In 1966, Connie gave birth to her first baby, a son. She carried him for ten months before her “quack OB” decided to induce labor. The baby was fine, but large. Three days after he was born, she began to hemorrhage, to bleed out. “As the code team frantically tried to give me more blood and shoot epinephrine directly into my heart, blood came out of me faster than they could get it in. My body was dead. My heart ceased to beat. I flatlined. I don’t recall how I moved out of my body, but I vividly recall hovering near the ceiling and watching the doctors and nurses in their panic.”
Yet, she felt no awareness of her physical distress. “It was pure bliss. I stopped looking at what was happening below me and felt myself gliding away from that room, farther and farther. I didn’t pass through a tunnel, exactly. It was more as if I stepped through a door or a gate onto a kind of brightly-lit path or beam that seemed to be tugging me towards the most brilliant spectrum of colors, indescribable. I was so eager to reach those colors. But a voice, coming from someone I didn’t see, very clearly said to me, Connie, you can’t stay here. You have a new little boy to raise, and two more little boys coming. You have to go back.”
But Connie had no desire to go back.She was infused with such comfort and peace and joy that she felt angry that something seemed to be relentlessly pulling her back. She looked down and was in the room again, then very suddenly, with a severe jolt that seemed like an electrical shock, she was back in that ravaged body.

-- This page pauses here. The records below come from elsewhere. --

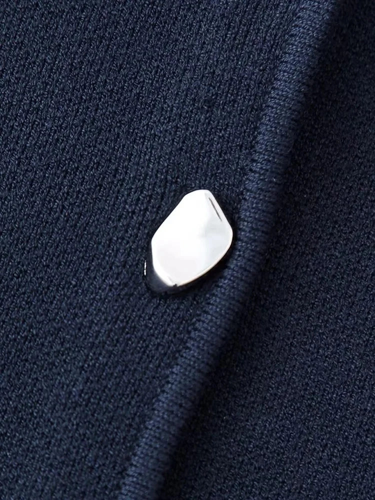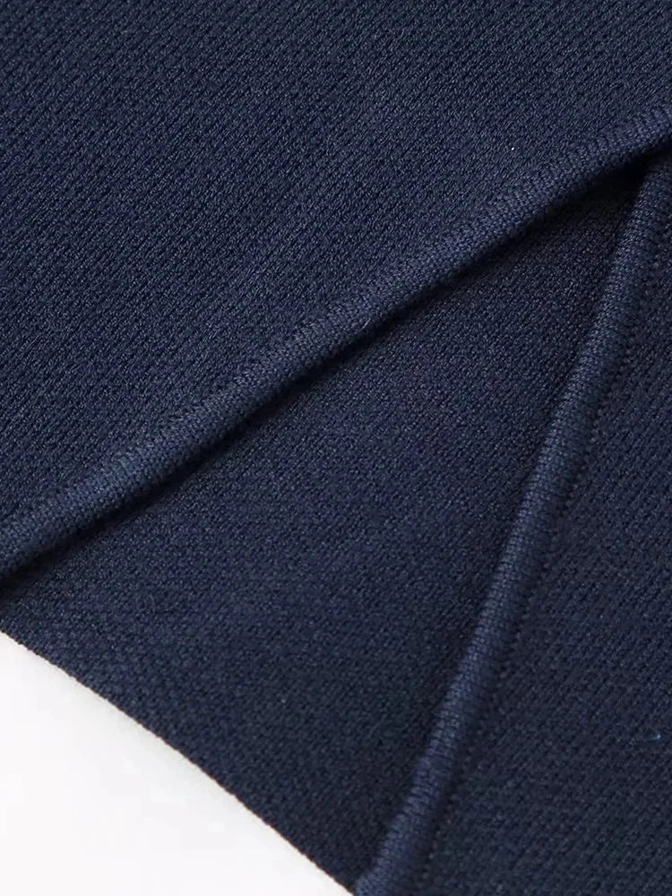 Experience great comfort and style with our Chic Sleeveless Knitted Navy Vest Top! This top features medium stretch elastic fabric, regular sleeve style, and a fashionable solid pattern. The slim fit and short sleeve length make it perfect for casual wear during the Spring/Summer. Made with high-quality polyester, it offers a standard thickness and is adorned with a single-breasted closure. Say no to bulky clothing with this short and stylish must-have piece.
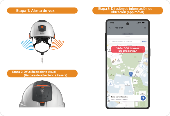 Fase 1: Difusión de alerta sonora Fase 2: Difusión de alerta visual (luz trasera de alerta) Fase 3: Transmisión de información de ubicación (app celular)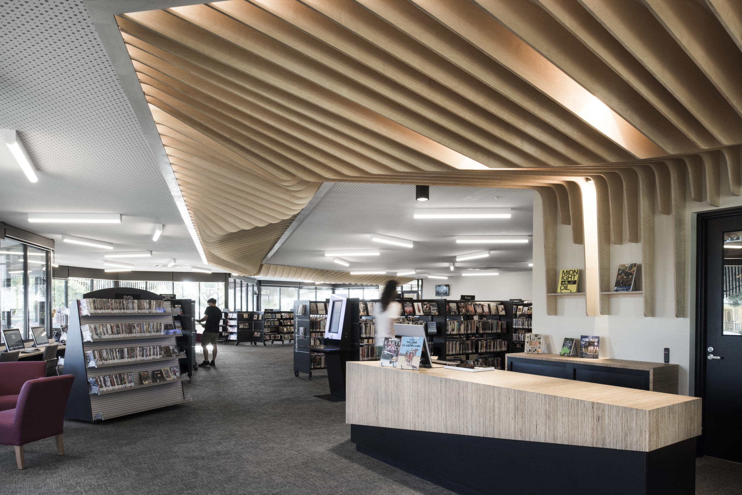 Demonstrating that just about anything is possible with timber ceiling panels, the Cobram Library utilised Maxi Panel ceiling panels to create an impressive fin design, carefully positioned to run through the centre of the space. Acting as a visually stunning wayfinding spine, the plywood ceiling subtly guides visitors through the space and all the way back to the librarian’s desk.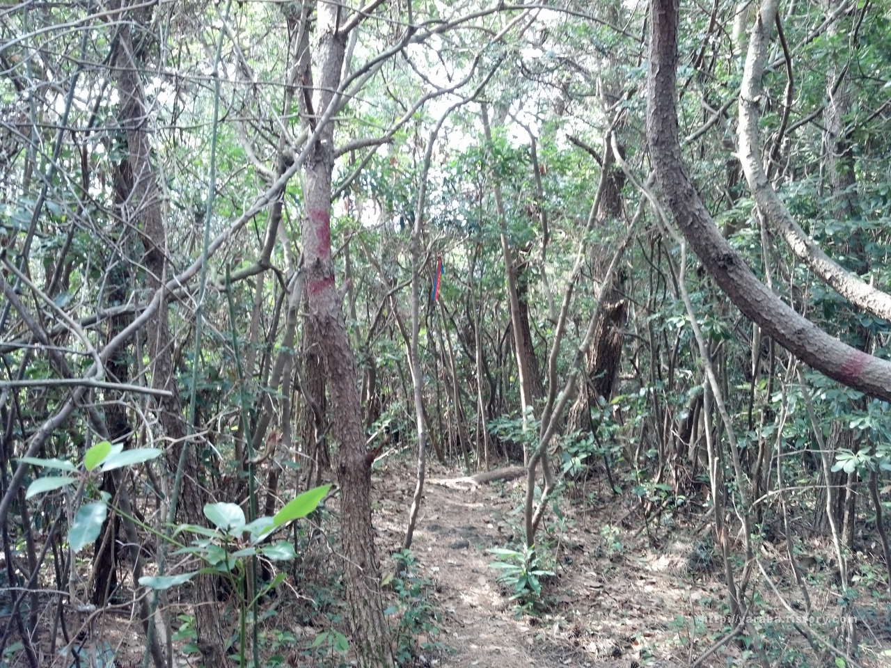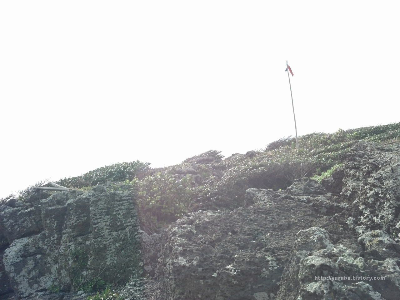 바위틈에 뿌리를 내리고 세찬 바람을 맞아 누워서 크고 있는 관목들 사이로 올레 리본을 매단 장대가 마치 프랑스의 혁명 한가운데서 깃발을 들고 진격하는 잔다르크의 모습을 연상시킵니다.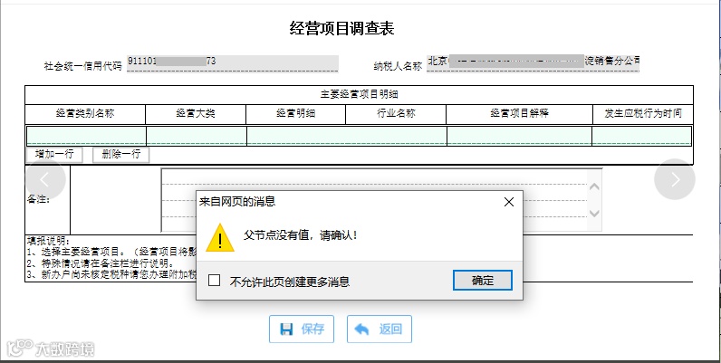 3、在电子税务局税费种认定经营项目调查表中选择“经营大类”时提示:父节点没有值,请确认!如何处理?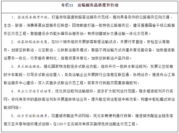運輸服務更加高效。運輸服務質量穩步提升,客運“一站式”、貨運“一單制”服務更加普及,定製化、個性化、專業化運輸服務產品更加豐富,城市交通擁堵和“停車難”問題持續緩解,農村和邊境地區運輸服務更有保障,具備條件的建制村實現快遞服務全覆蓋。面向全球的國際運輸服務網絡更加完善,中歐班列發展質量穩步提高。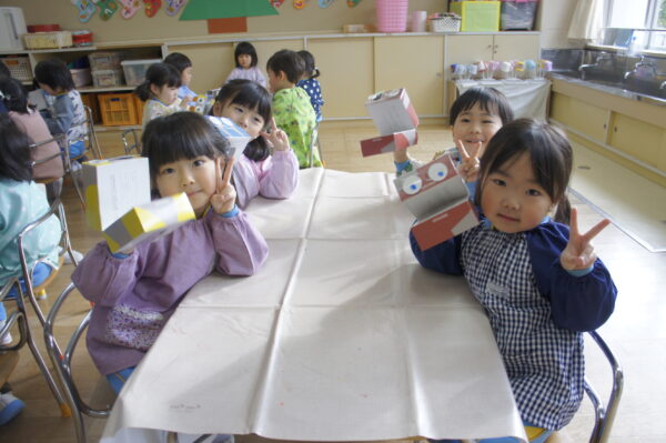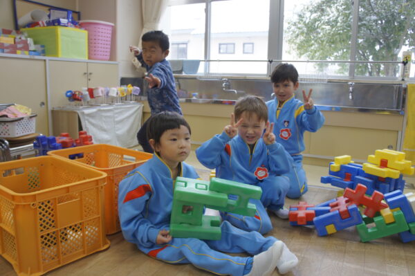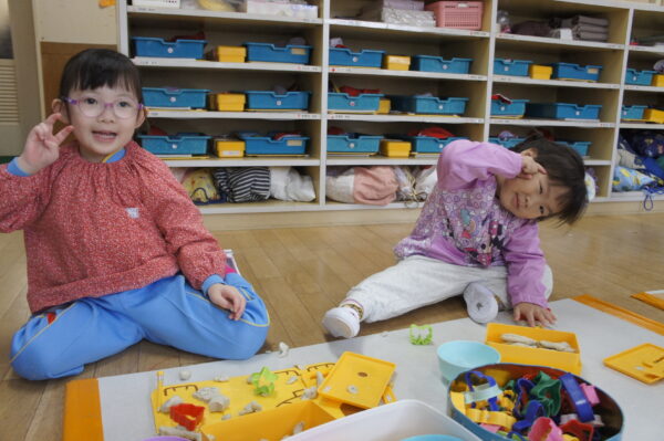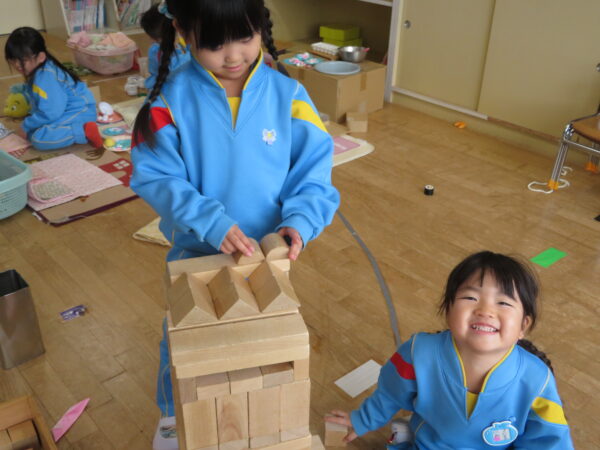 レゴブロックでは、作りたい物のイメージを自分の言葉で友達に伝え、動物園や水族館、バスケットゴール場など、一緒に作ることを楽しんでいます。友達と一緒に作るからこそ、いろいろなアイディアが生まれ、表現する力が身に付くのだろうなあ…と子ども達の姿を見て実感します。

“The code team was ecstatic, but I wasn’t. I spent thirty-one days in what was then an ICU unit. It was written in my chart that for six minutes I had flatlined, with no cerebral activity and no pulse. I was dead, not “nearly dead”, as the so-called experts call it. There are no words in any language that can adequately describe the experience of being dead.“
What’s especially interesting about her NDE is that the voice was right. She went on to have two more boys. Her sons are now grown, Connie spent years working as a hospice nurse and a medium. You can’t convince her that what she experienced was a blip in her synapases or some hallucinogenic tale her brain spun as it was deprived of oxygen.Even Jung, who had an NDE, described it as: “Everything that happened in time had been brought together into a concrete whole. Nothing was disturbed over time, nothing could be measured by temporal concepts.”
Vicki D drowned at the age of sixteen. “I drifted up and saw myself lying on the beach as they administered CPR. Someone was behind me and kept asking me different questions. I remember feeling so peaceful and warm until the voice behind me told me to look closer at the girl on the beach and I slowly realized she looked like me, and then BAM!
“I was on the beach looking up at the sky, water was coming out of everywhere including my eyes and ears and they were clamping an oxygen mask on me and I was in so much pain and gasping for breath. One reason why I personally feel it was real and not a hallucination is that I still remember it like it just happened and this was 36 years ago.”
During the birth of her first child, Renie Wiley died. She remembers drifting up toward the ceiling and watching the doctors as they tried to resuscitate her. Certain information was available to her in that state and she realized that her primary doctor was going to be shipped off to Vietnam and that he wouldn’t return.
When he brought her back into the world of the living, she described what she had experienced. She told him what she’d seen for him and begged him not to volunteer. He was shocked. No one knew that he had applied as a medic in Vietnam. And she was also right. He was killed in Vietnam.